▶ **Entries supplied**:
^^^^

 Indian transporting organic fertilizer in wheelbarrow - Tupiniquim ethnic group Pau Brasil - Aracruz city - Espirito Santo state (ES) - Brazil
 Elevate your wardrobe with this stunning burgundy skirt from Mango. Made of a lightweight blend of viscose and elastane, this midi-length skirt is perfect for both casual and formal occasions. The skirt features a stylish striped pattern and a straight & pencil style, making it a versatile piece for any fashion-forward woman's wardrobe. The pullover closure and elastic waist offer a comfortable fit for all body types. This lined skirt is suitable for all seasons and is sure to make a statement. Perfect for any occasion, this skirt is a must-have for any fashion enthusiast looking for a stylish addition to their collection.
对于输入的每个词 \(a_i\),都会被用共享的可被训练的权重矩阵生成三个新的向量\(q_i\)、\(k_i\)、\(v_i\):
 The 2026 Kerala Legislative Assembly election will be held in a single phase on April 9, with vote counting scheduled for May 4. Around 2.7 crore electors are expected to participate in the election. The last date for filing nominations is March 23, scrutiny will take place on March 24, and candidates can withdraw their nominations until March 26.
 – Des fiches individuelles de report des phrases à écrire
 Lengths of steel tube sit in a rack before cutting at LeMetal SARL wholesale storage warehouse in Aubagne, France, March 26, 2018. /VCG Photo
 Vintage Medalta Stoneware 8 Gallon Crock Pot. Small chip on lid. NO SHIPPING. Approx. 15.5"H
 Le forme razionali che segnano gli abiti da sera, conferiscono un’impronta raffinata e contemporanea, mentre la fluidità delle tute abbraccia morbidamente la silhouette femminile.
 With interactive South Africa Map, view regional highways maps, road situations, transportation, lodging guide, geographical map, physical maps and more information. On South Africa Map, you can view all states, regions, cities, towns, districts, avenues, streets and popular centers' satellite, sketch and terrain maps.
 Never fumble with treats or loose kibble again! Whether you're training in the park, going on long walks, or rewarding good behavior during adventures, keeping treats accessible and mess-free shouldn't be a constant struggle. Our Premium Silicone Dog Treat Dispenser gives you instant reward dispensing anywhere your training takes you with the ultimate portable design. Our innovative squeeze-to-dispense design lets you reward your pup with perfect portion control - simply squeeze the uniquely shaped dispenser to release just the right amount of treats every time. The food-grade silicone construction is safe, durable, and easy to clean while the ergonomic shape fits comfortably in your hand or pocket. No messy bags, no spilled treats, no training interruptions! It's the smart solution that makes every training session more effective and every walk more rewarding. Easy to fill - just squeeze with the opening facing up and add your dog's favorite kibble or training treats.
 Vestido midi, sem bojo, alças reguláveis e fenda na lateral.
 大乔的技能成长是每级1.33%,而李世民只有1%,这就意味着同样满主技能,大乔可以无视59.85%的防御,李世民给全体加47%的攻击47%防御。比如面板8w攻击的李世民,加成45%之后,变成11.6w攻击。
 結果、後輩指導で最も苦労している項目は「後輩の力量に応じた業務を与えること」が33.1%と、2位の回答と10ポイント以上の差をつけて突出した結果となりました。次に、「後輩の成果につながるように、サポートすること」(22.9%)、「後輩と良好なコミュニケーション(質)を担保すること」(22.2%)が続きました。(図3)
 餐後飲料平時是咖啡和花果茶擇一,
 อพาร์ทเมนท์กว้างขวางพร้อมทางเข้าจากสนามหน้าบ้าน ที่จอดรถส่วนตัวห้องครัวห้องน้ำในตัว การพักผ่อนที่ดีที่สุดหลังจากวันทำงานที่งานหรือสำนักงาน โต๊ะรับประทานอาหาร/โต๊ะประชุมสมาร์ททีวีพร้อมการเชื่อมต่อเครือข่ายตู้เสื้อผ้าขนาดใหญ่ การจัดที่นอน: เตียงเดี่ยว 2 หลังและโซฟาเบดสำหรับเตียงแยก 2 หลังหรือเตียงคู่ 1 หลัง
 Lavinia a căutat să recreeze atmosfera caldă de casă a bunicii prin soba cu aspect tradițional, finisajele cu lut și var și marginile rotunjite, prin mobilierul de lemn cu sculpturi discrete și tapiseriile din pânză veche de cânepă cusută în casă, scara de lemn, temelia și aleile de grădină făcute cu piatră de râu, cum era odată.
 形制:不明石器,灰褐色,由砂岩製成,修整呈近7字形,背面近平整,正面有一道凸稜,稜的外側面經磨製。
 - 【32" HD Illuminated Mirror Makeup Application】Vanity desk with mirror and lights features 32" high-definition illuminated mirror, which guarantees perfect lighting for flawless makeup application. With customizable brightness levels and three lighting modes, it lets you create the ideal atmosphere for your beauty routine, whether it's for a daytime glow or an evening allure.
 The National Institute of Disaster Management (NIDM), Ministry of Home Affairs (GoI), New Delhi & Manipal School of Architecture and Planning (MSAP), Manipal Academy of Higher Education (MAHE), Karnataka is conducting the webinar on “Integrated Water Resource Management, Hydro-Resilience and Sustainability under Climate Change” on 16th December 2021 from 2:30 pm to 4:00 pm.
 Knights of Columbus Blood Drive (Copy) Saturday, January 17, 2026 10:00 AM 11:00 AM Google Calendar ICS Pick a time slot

^^^^

▶ **Exercise brief**:
Return only the number of lines in the records above that include the string "more".

▶ **Solution to this task**:
2